:: Task details ::
The lines below from the one with "В пикетах на" up to and including the one with "灯带led灯条超亮户外防水工程氛围灯室外暖光220v客厅吊顶灯带条" are what you should set down, exactly and without pictures.

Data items
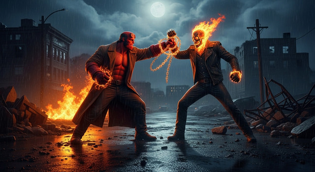 #marvelcomics #deathbattle #fanart #wallpaper #battle #badass #avengers #comics #crossover #darkhorsecomics #fight #ghost #hell #hellboy #infernal #marvel #mashup #penance #rider #stare #wallpapers #whatif #marvelcinematicuniverse #fire #vs #mythoscomics
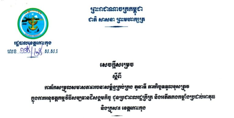 សេចក្តីសម្រេច ស្តីពីការកែសម្រួលសមាសភាពគណៈកម្មាធិការគ្រប់គ្រងគ្រោះមហន្តរាយខេត្តកោះកុង
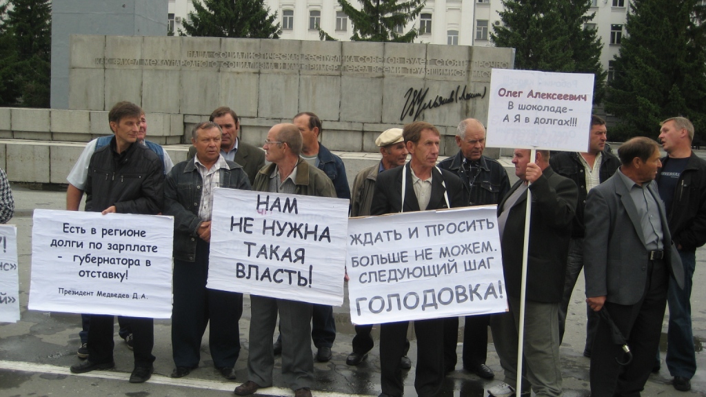 В пикетах на площади им В.И. Ленина, напротив Правительства Курганской области, приняли участие бывшие и работающие работники ОАО «Регион-Автотранс-Курган», ОАО «Промстрой», и некоторых других предприятий Кургана. Например, задолженность по зарплате перед сокращёнными работниками владельцев  ОАО «Регион-Автотранс-Курган» составляет в среднем по 40 тысяч рублей каждому. Как говорят, таких работников - не менее тысячи человек.
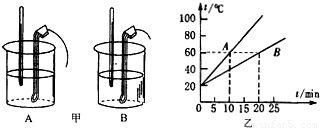 | 乙杯水温/℃ | 25 | 28 | 31 | 34 | 37 | 40 | 43 | 45 | 47 | 49 | 51 |
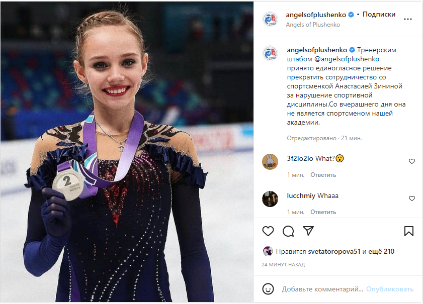 И что скажете? Как по мне приключился какой-то скандал. Вообще прощание не в духе Ангелов. Впевые вижу такой категоричный пост от них. Причем, с указанием единогласного решения всех тренеров. Пока не знаю, что случилось. Программы уже поставлены, работа шла полным ходом. Кто что слышал? #евгенийплющенко #ангелыплющенко #зининанастя
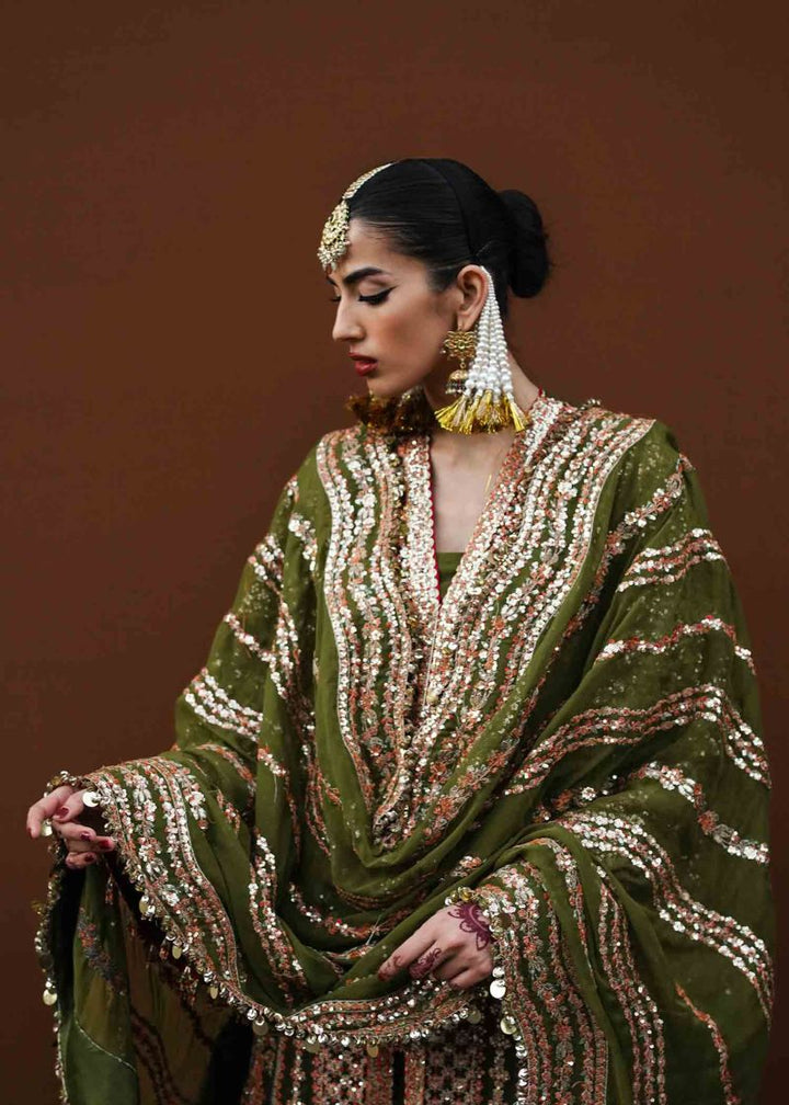 An outstanding stunner grassy green organza jacket enhanced with intricate blush pink buggle beads and sequins to create a graceful look. It is paired with a minimal chiffon sequined spray sharara and shirt with exquisitely embroidered border. It has been paired with a beautiful heavily embroidered dupatta.
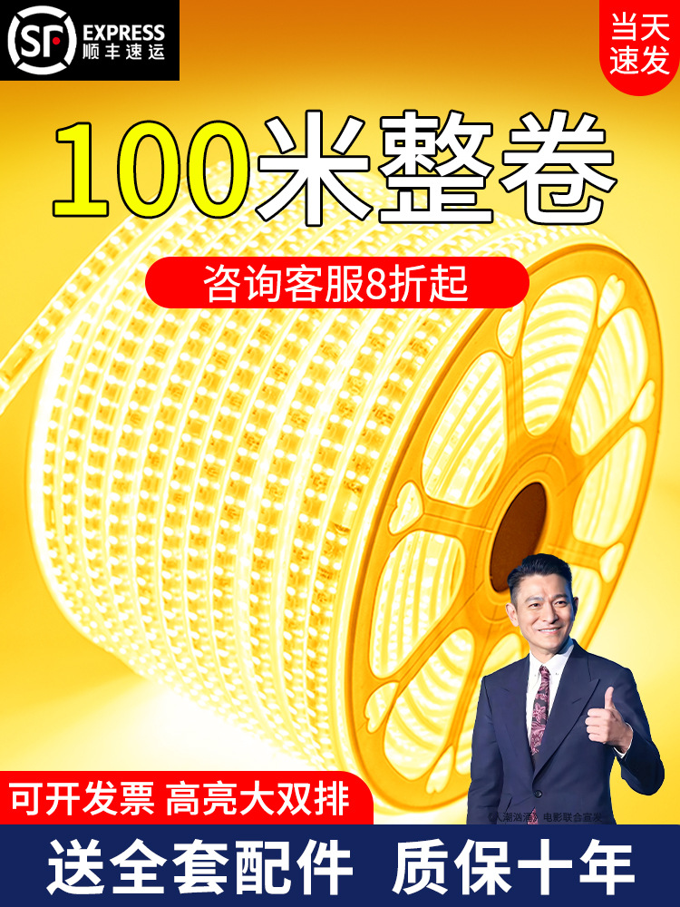 灯带led灯条超亮户外防水工程氛围灯室外暖光220v客厅吊顶灯带条
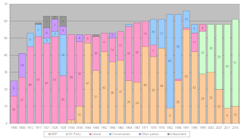 The charts on the right show the information graphically, with more recent elections on the right. They shows the popularity of the Liberal Party (red) before the Second World War and the subsequent rise of the Co-operative Commonwealth Federation, which was succeeded by the New Democratic Party (orange). The successes and failures of the Progressive Conservatives (blue) and the recent arrival of the Saskatchewan Party (green) as a new conservative party can also be seen.
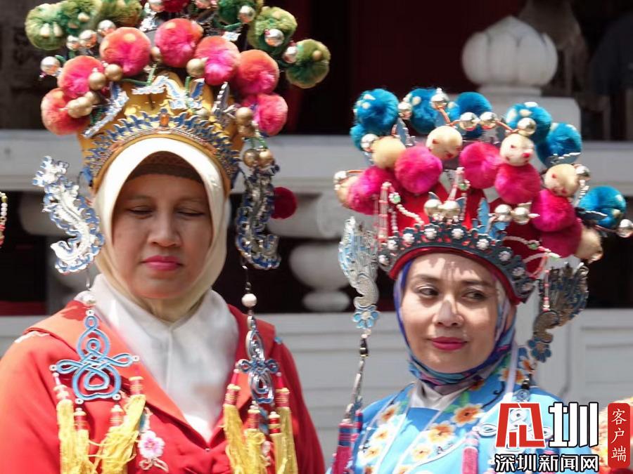 租用中國戲劇服裝留影的當(dāng)?shù)啬滤沽謰D女。李仁奇攝
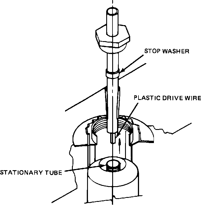 PUSH THE FREE END OF THE PLASTIC DRIVE WIRE FROM THE REPLACEMENT MAST ASSEMBLY INTO THE STATIONARY TUBE. WORK PLASTIC DRIVE WIRE AROUND UNTIL THE END OF THE PLASTIC DRIVE WIRE ENTERS THE DRIVE MECHANISM.
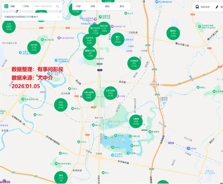 成都楼市那些有钱人还是挺稳的,像是麓湖生态城板块待售二手房数量从1584套减少到了1378套。

:: Response to the exercise ::
 В пикетах на площади им В.И. Ленина, напротив Правительства Курганской области, приняли участие бывшие и работающие работники ОАО «Регион-Автотранс-Курган», ОАО «Промстрой», и некоторых других предприятий Кургана. Например, задолженность по зарплате перед сокращёнными работниками владельцев  ОАО «Регион-Автотранс-Курган» составляет в среднем по 40 тысяч рублей каждому. Как говорят, таких работников - не менее тысячи человек.
 | 乙杯水温/℃ | 25 | 28 | 31 | 34 | 37 | 40 | 43 | 45 | 47 | 49 | 51 |
 И что скажете? Как по мне приключился какой-то скандал. Вообще прощание не в духе Ангелов. Впевые вижу такой категоричный пост от них. Причем, с указанием единогласного решения всех тренеров. Пока не знаю, что случилось. Программы уже поставлены, работа шла полным ходом. Кто что слышал? #евгенийплющенко #ангелыплющенко #зининанастя
 An outstanding stunner grassy green organza jacket enhanced with intricate blush pink buggle beads and sequins to create a graceful look. It is paired with a minimal chiffon sequined spray sharara and shirt with exquisitely embroidered border. It has been paired with a beautiful heavily embroidered dupatta.
 灯带led灯条超亮户外防水工程氛围灯室外暖光220v客厅吊顶灯带条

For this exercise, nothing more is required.